His expectations for this candidate are high: He’s looking for someone with a Project Management Professional (PMP) certification, a master’s degree and a track record of successfully managing projects, as well as the ability to collaborate with various business partners and juggle multiple projects.

“This is a highly visible person,” Zulpo says, and given his lengthy list of desired qualities, he knows he might need three to six months to fill the position. But a lengthy search is worth the trouble because hiring that wrong person would be costly — a situation that “that applies to all our positions across IT.”

Zulpo’s comments mirror what other hiring managers are saying about project management, according to TEKsystems’ Hayman. They expect candidates to have certifications and solid experience. Moreover, candidates must show they understand the technical and functional elements of the role and that they can communicate with people and lead teams. And on top of that they must be good cultural fits, too.

Big data

25% of respondents with hiring plans said they will be seeking people with this skill in the next 12 months.

Companies are inundated with information harvested from various sources, and they need experienced people to extract insights and value from the wealth of structured and unstructured data they have amassed, says Matt Leighton, director of recruiting for Mondo.

Leighton says companies want big data pros who are able to build out current data sets and have experience in specific technologies such as Hadoop and Oracle. They’re also looking for engineers and architects who know big-data-oriented computer languages, such as Scala. And they want people with experience in specific industries, because industry experience helps big data professionals derive insights and value from the firehose of data.

Mobile applications and device management

21% of respondents with hiring plans said they will be seeking people with this skill in the next 12 months.

Several years into the mobile revolution, mobile initiatives are still top of mind for IT leaders and their companies: Expertise in mobile apps and mobile device management are still among the 10 most sought-after IT skills, and 35% of the respondents to Computerworld‘s Forecast survey said they plan to increase spending on mobile applications in 2017, making mobile the No. 2 spending priority for the year.

Reltio, a data management firm in Redwood Shores, Calif., doesn’t deploy its own mobile apps, yet managers still need staffers who understand mobile, says Ramon Chen, who oversees personnel and recruiting as chief marketing officer and head of product management.

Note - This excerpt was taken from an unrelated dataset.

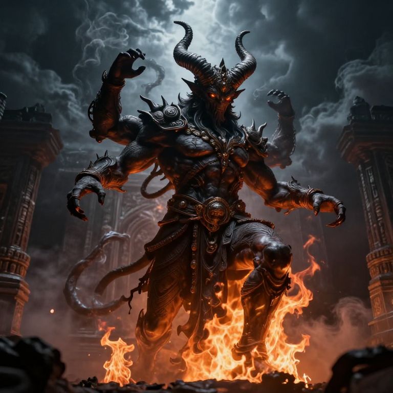 Powerful Baphomet figure emerging from flames with smoky tendrils, mythic and dark fantasy style, intricate horn and body textures, glowing eyes piercing through a swirling storm of dark clouds, dramatic dynamic pose with a backdrop of an ancient mystical temple.

“We want our existing platform and applications to deploy in a browser-responsive manner, meaning the same code knows when it’s running on mobile and that it should display in a mobile-friendly way,” he says. And for that to happen, he needs IT employees with mobile app development know-how.

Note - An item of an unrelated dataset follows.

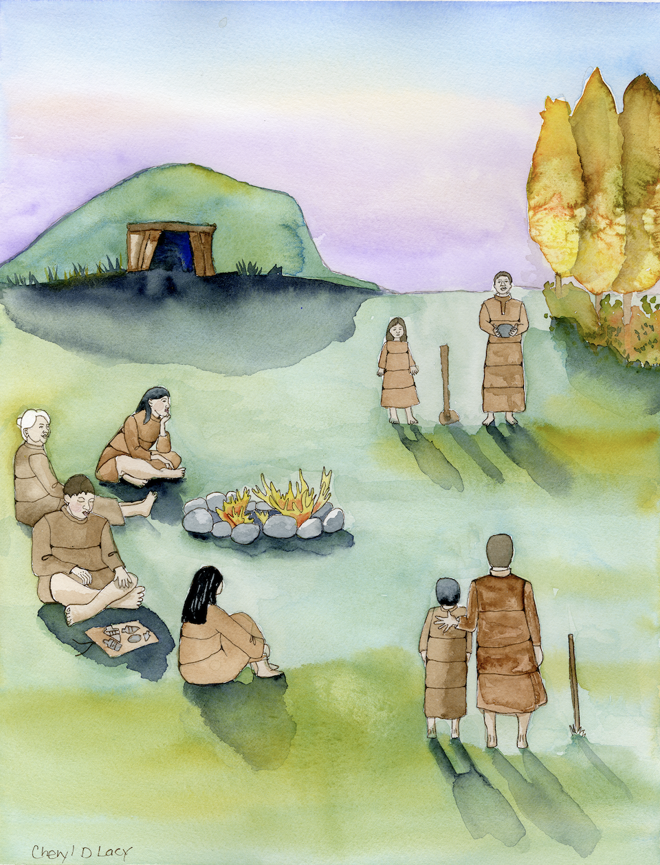 Iqsani’s family plays yaamaq, watercolor by Cheryl Lacy, 2021, produced with support from the Institute for Museum and Library Services.

Reltio currently doesn’t have mobile-only job titles. Instead, it expects all of its developers to have mobile skills as part of their repertoires. Chen is, however, currently seeking two specialists — a user interface (UI) designer and a senior UI designer — to help the company carry out its strategy of delivering on mobile and, more specifically, to help create the best user interfaces and user experiences.

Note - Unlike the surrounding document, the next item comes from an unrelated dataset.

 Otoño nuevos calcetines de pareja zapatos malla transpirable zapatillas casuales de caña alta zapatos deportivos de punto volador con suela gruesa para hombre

“We want someone who doesn’t just design [the mobile app] but also manages it once it’s built and in use,” he says. “These people need to be customer-facing, too, to be able to get feedback about what [users] like and don’t like.”

Chen’s approach to hiring for these positions, and for mobile skills overall, mirrors the strategies of other IT leaders. He says he wants candidates with the required skills, but he also wants people who fit culturally. Yes, he concedes, it’s tough to land people like that in a job market where competition for mobile talent is fierce. But he’s willing to take upwards of three months to find the right individuals.